Imóvel Urbano Averbação Para Imóvel Rural

Consulta:

Encontra-se registrado sob nº 1, na matrícula 2.540, livro 02, deste oficial, um imóvel designado parte D, com 95.590,00m2 ou 3,95 alqueires ou ainda 9,5590ha., no perímetro urbano desta cidade; dito imóvel encontra-se matriculado em nome do ESPÓLIO DE DOMINGOS A., autorizado por alvará judicial na escritura de divisão amigável do imóvel, tendo comparecido na escritura curador especial, tendo o espólio sido representado pela viuva-meeira Ermelinda.
Agora foi apresentado para averbação/registro:

I)- Requerimento solicitando a alteração do imóvel urbano para rural, tendo apresentado CCIR e ITR´s, alegando as partes que o imóvel tem destinação rural.

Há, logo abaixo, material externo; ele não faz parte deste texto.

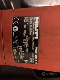 Seghetto frontale Hilti WSR 22-a. Batteria compresa, ma senza carica batteria. Compresa scatola e manuale istruzioni. Solo ritiro, senza spedizione, Roma zona EUR.

Como proceder e quais os documentos necessários para a alteração de urbano para rural?
II)- Tem algum problema o imóvel estar registrado em nome do espólio de Domingos A. e agora foi apresentado o inventário para registro?
02-10-2.009.

Resposta: Como é sabido, no Brasil se adota o critério de destinação e não da localização para definir se o imóvel é rural ou urbano.
Para fins tributários (IPTU/ITR), o que vale é a localização do imóvel (artigo 32, parágrafo 1º do CTN).
Para fins de cadastro e definição da exploração rural, o que conta é a destinação do imóvel cujo enquadramento é de competência do INCRA.
Embora o Município tenha autonomia constitucional sobre o seu território (CF artigo 30, I e VIII) e tenha classificado todo o perímetro urbano do Município como área urbana ou de expansão urbana, tal classificação não implica em dizer que não haja imóveis rurais dentro dos limites do território urbano, nem tem o condão de afastar automaticamente a competência tributária do INCRA sobre prédios que tenham destinação rural.
As propriedades encravadas na zona urbana, onde são exercidas as atividades agropastoris, por razões de política tributária e urbana podem ser excluídas da definição de zona urbana pela Lei Municipal competente.
Além do que o artigo 15º do Decreto Lei n. 57/66, exclui da incidência do IPTU imóveis cuja destinação seja, comprovadamente, a exploração extrativa vegetal, agrícola, pecuária ou agro-indistrial.
E com a edição do referido Decreto Lei, retorna-se ao critério de destinação para definir se o imóvel é urbano ou rural.
Desta forma, a averbação da alteração da destinação do imóvel de urbano para rural poderá ser feita nos termos do artigo n. 246 da LRP, e item n. 110 do Capitulo XX das NSCGJSP, a requerimento do interessado com a apresentação do CCIR , dos ITR’s, e certidão expedida pela Prefeitura Municipal, certificando o descadastramento do imóvel do lançamento do IPTU, ou certificando de que nunca houve lançamento de IPTU para o imóvel em questão uma vez que o mesmo tem destinação rural (Ver ACi c/ Revisão n. 482.083-5/2-00 e REsp 1112646 via fax).
Quanto ao imóvel se encontrar registrado em nome do Espólio de Domingos A., nenhum problema há para obstar o registro do formal de partilha, pois como se sabe o espolio por não ter personalidade jurídica, via de regra, não poderia adquirir bens, a não ser em situações especiais, como é o caso, pois houve autorização judicial para tal (alvará) (Ver APC 632-6/6, 16.282-0/0, 13.222-0/3, 596200/5/00 – Bol. Do Irib n. 167 – O Espólio como Adquirente no Registro de Imóveis e artigos nºs. 12, V e 43 do CPC).

É o parecer sub censura.
São Paulo Sp., 02 de Outubro de 2.009.